Taking mental health info out of background screening

Mental health history no indication of person's integrity, safety risk
By Carolyn Dewa
|Canadian HR Reporter|Last Updated: 09/18/2015

It’s generally understood that background checks are performed for good reason. But there are potential privacy issues: The information provided to prospective employers is drawn from police databases that may contain information about a history of mental illness, if that history also involved a police contact. 

A police contact does not necessarily mean a person broke the law and was convicted. Rather, it can occur because he was investigated but not charged, was a victim or witness of a crime, or had non-criminal contact with police during an episode of mental illness. 

The amount of information potential employers receive depends on the jurisdiction in which they make the request. In turn, it is also influenced by the type of background check requested. In some jurisdictions, the type of information related to mental illness that is reported is left to the discretion of the police.

Reporting mental health history

The reporting of a person’s history of mental illness in a police background check seems to be predicated on three assumptions. First, it assumes that contact with the police during an episode of mental illness indicates that either a person’s integrity is questionable or the person may be a safety risk to those around them. 

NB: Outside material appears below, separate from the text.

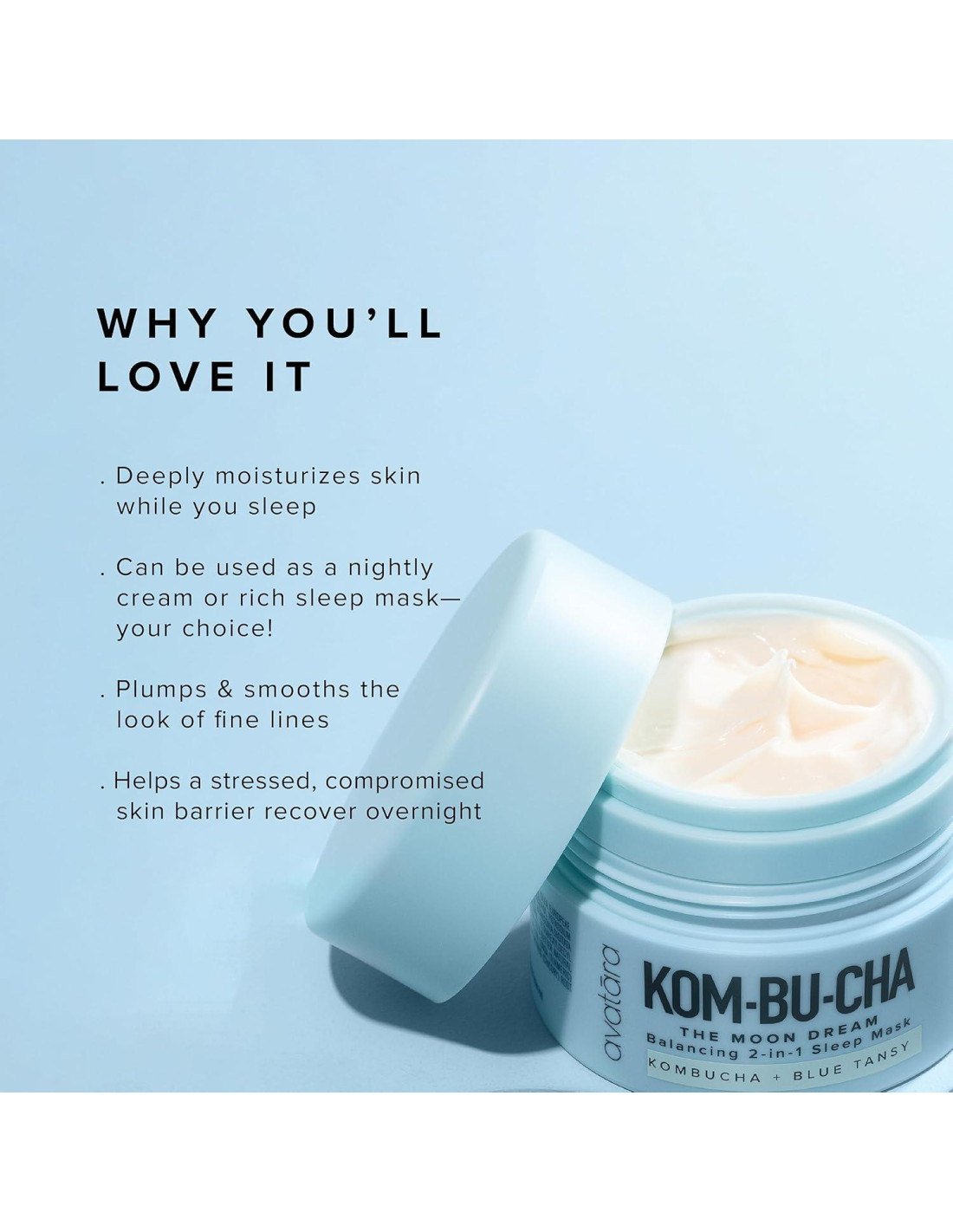 - Felicidad Potenciada por Kombucha - ¡Desata el poder del equilibrio de kombucha con la crema nocturna The Moon Dream! Este hidratante facial para mujeres y hombres mantiene tu piel en su lugar feliz, manteniendo el equilibrio de humedad y promoviendo una complexión firme y juvenil.
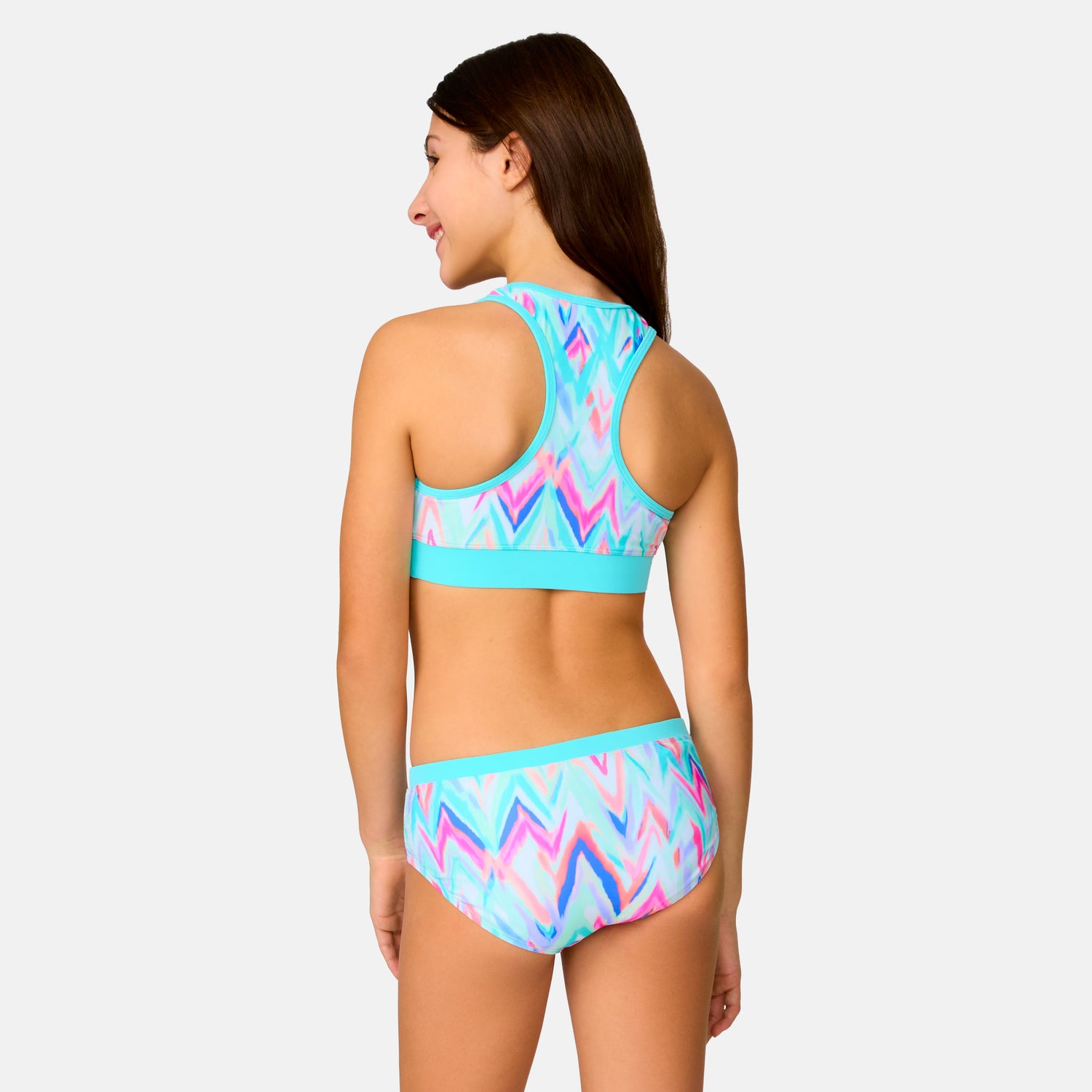 ![[Model is wearing a size Medium.] Girl wearing the Free Country Girls' Fresco Rash Guard and Bikini Swim Set in Aquatopia Oasis Chevron, size M, featuring a raglan sleeve rash guard and racerback tankini top and lined bikini bottom made from recycled polyester fabric that provides four way stretch and upf protection #color_ Aquatopia-Oasis-Chevron](http://freecountry.com/cdn/shop/files/SRGSS5200__Aquatopia-Oasis-Chevron__SS25-FC-PDP_5.jpg?v=1751387415&width=860)

This assumption reinforces fear of those with mental disorders. Almost one-half of workers who said they would be concerned if a co-worker had a mental health problem said it was because there were fears about the safety of working with that co-worker, as well as her reliability, found a 2015 Centre for Addiction and Mental Health (CAMH) survey of over 2,000 Ontario workers. Is that a valid fear?  

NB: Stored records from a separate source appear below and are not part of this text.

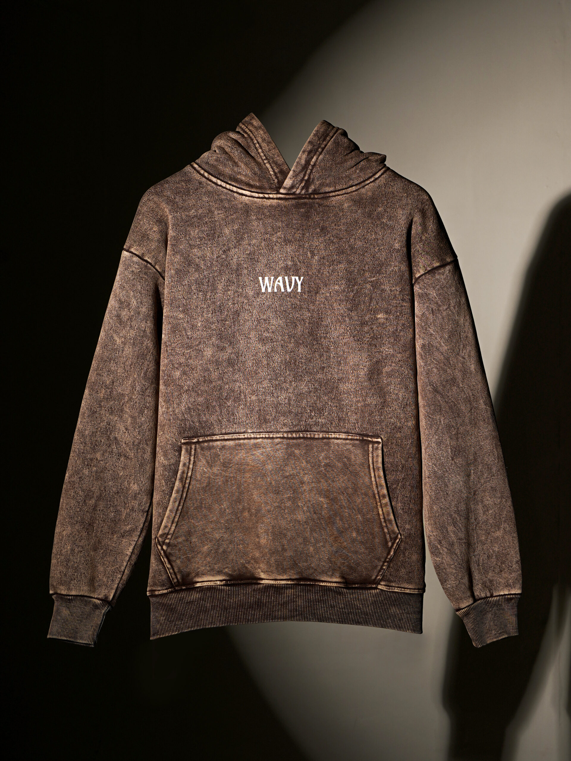 WavyCouture Premium Cotton Brown Acid Wash Hoodie
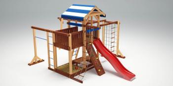 Детская площадка Савушка-16 –это игровая башня(высота платформы 1500 мм), пластиковая горка, балкон, шторм-трап, качели, песочница, шведская стенка, альпинистская стенка, столик, сетка для лазанья, веревочная лестница, гимнастические кольца, рукоход и турник. Дополнительно есть удобные ступеньки и защитные бортики. На такой площадке одновременно и вполне комфортно, смогут играть несколько детей. Конструкция рассчитана для детей в возрасте от трех лет. Площадка очень безопасно продумана, а древесина качественно отшлифована и покрыта лаком, чтобы ребенок не получил занозу. Все материалы имеют необходимые сертификаты качества.
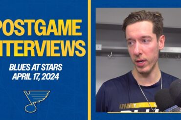 Écoutez Jordan Binnington, Robert Thomas et Drew Bannister après une défaite 1-2 en fusillade à Dallas le 17 avril 2024.

The problem with mental illness is there is no vaccine to protect against it; given the right set of circumstances, we are all at risk of developing a mental illness. During any given month, between eight and 11 per cent of Canadian workers experience a mental illness, according to CAMH. 

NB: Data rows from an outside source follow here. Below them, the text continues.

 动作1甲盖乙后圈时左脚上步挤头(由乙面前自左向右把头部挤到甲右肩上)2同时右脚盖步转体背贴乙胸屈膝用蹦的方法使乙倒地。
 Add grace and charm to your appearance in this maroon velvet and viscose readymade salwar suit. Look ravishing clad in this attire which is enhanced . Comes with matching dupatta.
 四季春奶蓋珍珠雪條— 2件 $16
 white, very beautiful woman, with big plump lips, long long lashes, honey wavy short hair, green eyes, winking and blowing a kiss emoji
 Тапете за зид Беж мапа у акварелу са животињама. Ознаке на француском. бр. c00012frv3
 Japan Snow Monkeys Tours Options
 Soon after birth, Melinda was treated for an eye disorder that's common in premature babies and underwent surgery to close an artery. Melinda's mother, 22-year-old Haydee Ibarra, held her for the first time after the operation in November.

That means if you have a work group of 10, it is highly likely at least one person is suffering from a mental illness. If each of these people were actually prone to violence, we would have an epidemic of violence in our workplaces. In reality, incidences of co-worker violence make the headlines precisely because they are rare. 

The second assumption is that a person with a history of mental illness has forfeited his right to privacy. It forces a disclosure about a mental illness that the person may not be ready to give. When CAMH asked Ontario workers about whether they would choose to tell their boss about a mental illness, 40 per cent said they would not. 

More than one-half of the people who would not tell their managers if they were experiencing mental illness believed disclosing would hurt their careers. That is not surprising given the fear of mental illness.

The third assumption is that mental illness is unrelenting and unremitting. In truth, for the majority of people, it is not. Treatments and supports have made recovery possible for most mental illnesses. 

Changing perceptions

So, should we just let mentally ill individuals into our workplaces?  In fact, it really is hard to keep them out; they may already be there or may become mentally ill after they are in. Perhaps there is another way to look at it. 

Because most Canadians are employed and because most of their waking hours are spent at work, the workplace presents an opportunity to positively influence perceptions. 

In turn, the positive experiences workers have at work can be exported to their families and friends to improve the quality of life in the community.  

Fortunately, there are effective programs like those that have been developed and tested by the Mental Health Commission of Canada, such as the Opening Minds Initiative, that help workplaces create healthy and supportive environments for all workers. It is in these types of environments that workers are willing to talk to their managers about their struggles with mental illness and are encouraged to seek help. 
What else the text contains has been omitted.